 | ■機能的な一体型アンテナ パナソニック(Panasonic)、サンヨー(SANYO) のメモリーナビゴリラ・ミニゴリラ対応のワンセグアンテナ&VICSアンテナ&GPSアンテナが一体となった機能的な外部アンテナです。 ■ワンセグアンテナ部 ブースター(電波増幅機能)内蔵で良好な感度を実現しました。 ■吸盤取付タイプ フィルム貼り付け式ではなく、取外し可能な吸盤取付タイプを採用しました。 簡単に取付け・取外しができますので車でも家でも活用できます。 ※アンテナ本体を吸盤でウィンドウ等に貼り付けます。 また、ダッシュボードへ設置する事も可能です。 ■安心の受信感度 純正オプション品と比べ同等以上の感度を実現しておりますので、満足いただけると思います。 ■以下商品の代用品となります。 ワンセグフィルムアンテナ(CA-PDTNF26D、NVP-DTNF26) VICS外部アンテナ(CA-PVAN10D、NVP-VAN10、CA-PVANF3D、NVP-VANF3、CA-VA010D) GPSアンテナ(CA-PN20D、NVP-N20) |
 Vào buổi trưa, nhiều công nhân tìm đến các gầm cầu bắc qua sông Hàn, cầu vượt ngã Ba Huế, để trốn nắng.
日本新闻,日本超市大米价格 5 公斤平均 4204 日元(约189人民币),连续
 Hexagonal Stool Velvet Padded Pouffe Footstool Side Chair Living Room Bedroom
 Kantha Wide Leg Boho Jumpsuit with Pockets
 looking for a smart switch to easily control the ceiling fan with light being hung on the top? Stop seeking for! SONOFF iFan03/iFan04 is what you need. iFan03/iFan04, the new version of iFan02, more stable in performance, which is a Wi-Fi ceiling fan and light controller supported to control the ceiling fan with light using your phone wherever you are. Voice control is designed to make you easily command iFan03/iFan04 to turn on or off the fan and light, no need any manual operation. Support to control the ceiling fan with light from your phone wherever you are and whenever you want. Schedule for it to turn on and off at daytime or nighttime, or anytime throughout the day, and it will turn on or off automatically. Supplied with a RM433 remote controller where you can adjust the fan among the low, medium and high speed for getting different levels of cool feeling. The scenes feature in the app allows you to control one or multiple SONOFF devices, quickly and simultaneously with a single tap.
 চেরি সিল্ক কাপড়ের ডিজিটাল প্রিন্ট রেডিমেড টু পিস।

■ Your task ■
Would you print exactly the lines from the first line of the entries above through the line that has "Kantha Wide Leg Boho Jumpsuit with Pockets", both included, and stop there?

■ Your solution ■
 | ■機能的な一体型アンテナ パナソニック(Panasonic)、サンヨー(SANYO) のメモリーナビゴリラ・ミニゴリラ対応のワンセグアンテナ&VICSアンテナ&GPSアンテナが一体となった機能的な外部アンテナです。 ■ワンセグアンテナ部 ブースター(電波増幅機能)内蔵で良好な感度を実現しました。 ■吸盤取付タイプ フィルム貼り付け式ではなく、取外し可能な吸盤取付タイプを採用しました。 簡単に取付け・取外しができますので車でも家でも活用できます。 ※アンテナ本体を吸盤でウィンドウ等に貼り付けます。 また、ダッシュボードへ設置する事も可能です。 ■安心の受信感度 純正オプション品と比べ同等以上の感度を実現しておりますので、満足いただけると思います。 ■以下商品の代用品となります。 ワンセグフィルムアンテナ(CA-PDTNF26D、NVP-DTNF26) VICS外部アンテナ(CA-PVAN10D、NVP-VAN10、CA-PVANF3D、NVP-VANF3、CA-VA010D) GPSアンテナ(CA-PN20D、NVP-N20) |
 Vào buổi trưa, nhiều công nhân tìm đến các gầm cầu bắc qua sông Hàn, cầu vượt ngã Ba Huế, để trốn nắng.
日本新闻,日本超市大米价格 5 公斤平均 4204 日元(约189人民币),连续
 Hexagonal Stool Velvet Padded Pouffe Footstool Side Chair Living Room Bedroom
 Kantha Wide Leg Boho Jumpsuit with Pockets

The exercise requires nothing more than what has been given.